Smart contracts running on blockchains have emerged as an indispensable mechanism to enhance trust, security, transparency and traceability of data shared among critical distributed applications. Unfortunately, a smart contract deployed on a blockchain by itself is usually inadequate in maintaining data security and privacy because the data are replicated to all the nodes on the network. There has been some recent work that tries to tackle this privacy leakage issue in smart contract execution by integrating blockchains with hardware supported trusted execution environments(TEEs). Although TEEs ensure privacy to some extent, the smart contract execution can still be compromised if the developed code does not use the TEEs' capabilities correctly. One important security issue for leveraging TEEs in practice is the memory access pattern disclosure.
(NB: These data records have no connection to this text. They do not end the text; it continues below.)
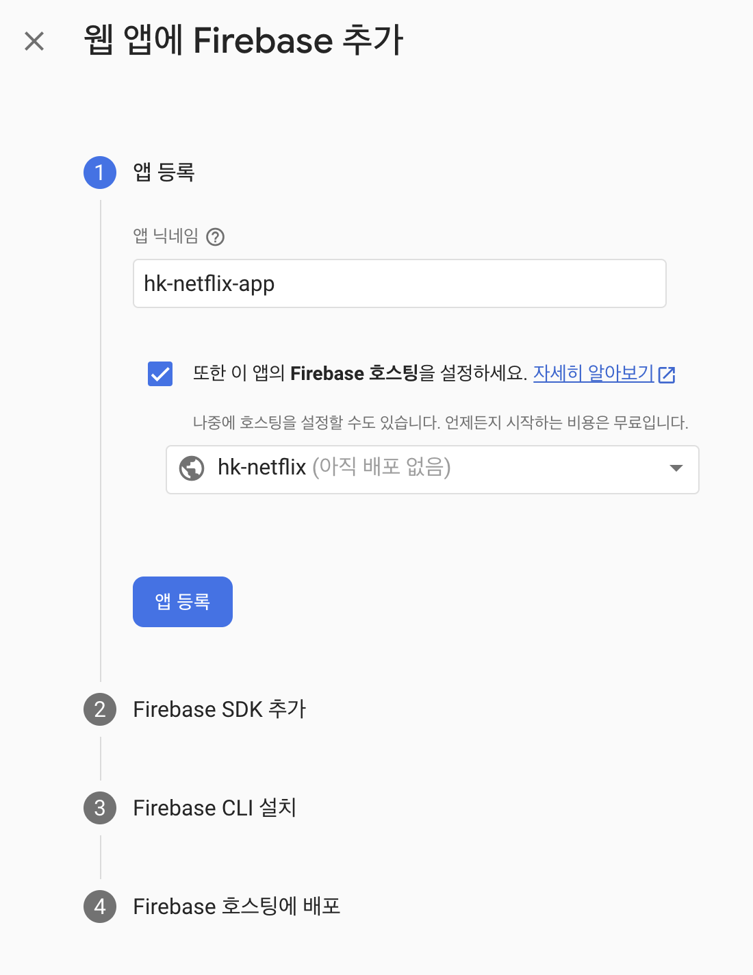 다시 웹으로 돌아와서 다음다음다음으로 넘기고 앱 생성을 완료한다.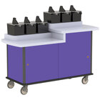 This Lakeside 70550B black Condi-Express 6 pump dual height condiment cart offers versatility and easy of sanitation in a convenient, mobile cart! Use this cart in your cafeteria or school lunch room to provide all of your customers' favorite condiments in one accessible spot.
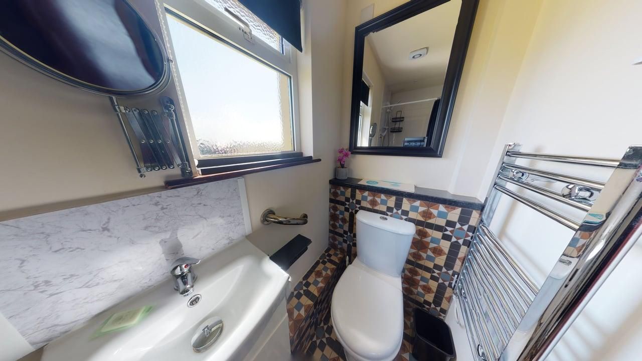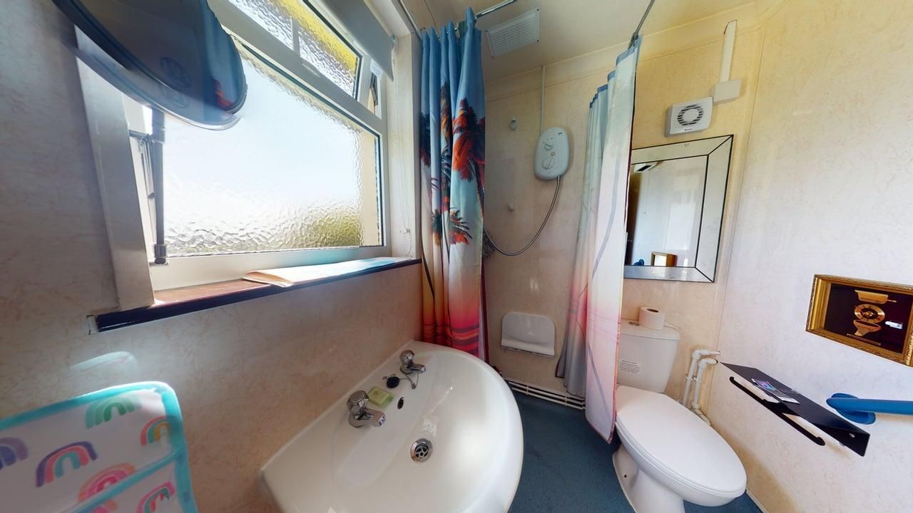 Wet Room - with open shower & fitted shower seat, electric towel rail, basin and WC.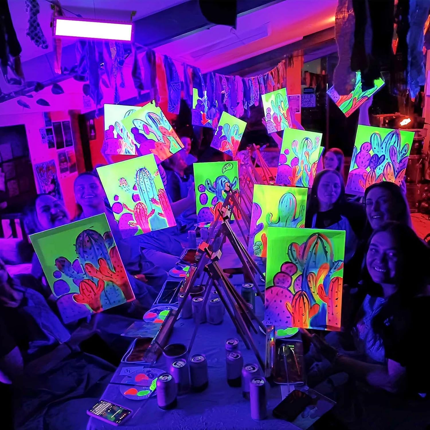 - 100W Powerful Black Light Bar: This 100W black light bar equipped with 100 premium LEDs, achieving flicker-free, it's energy-saving, It provides a strong black light effect, can light up 1600sq.ft

Even though the TEEs encrypt all the memory content during the program execution, the memory access sequence can be observed by the malicious operating system, and can be used to infer sensitive information such as “who submitted the second highest bid to the auction?”. Hence, for enhanced security for TEE based applications, the memory access pattern leakage need to be addressed. Given these observations, an apparent question that comes to light is, how can we use TEEs correctly to enable efficient, privacy enhancing and secure applications? In this work, we address this challenge in the context of digital auctions. We develop a novel generic and secure framework that allow an auction smart contract to run inside secure enclaves over Intel SGX based TEEs on a blockchain. To our knowledge, this is the first work that provides access pattern leakage free TEE based secure auction smart contract deployment. We achieve this by implementing oblivious execution (i.e., no memory access pattern leakage) of both first price and second price sealed bid auctions as templates. Furthermore, we implement an end-to-end encryption service to keep the bids secure. Our empirical results and privacy analysis show that this architecture does not cause a significant impact to efficiency given the level of security achieved.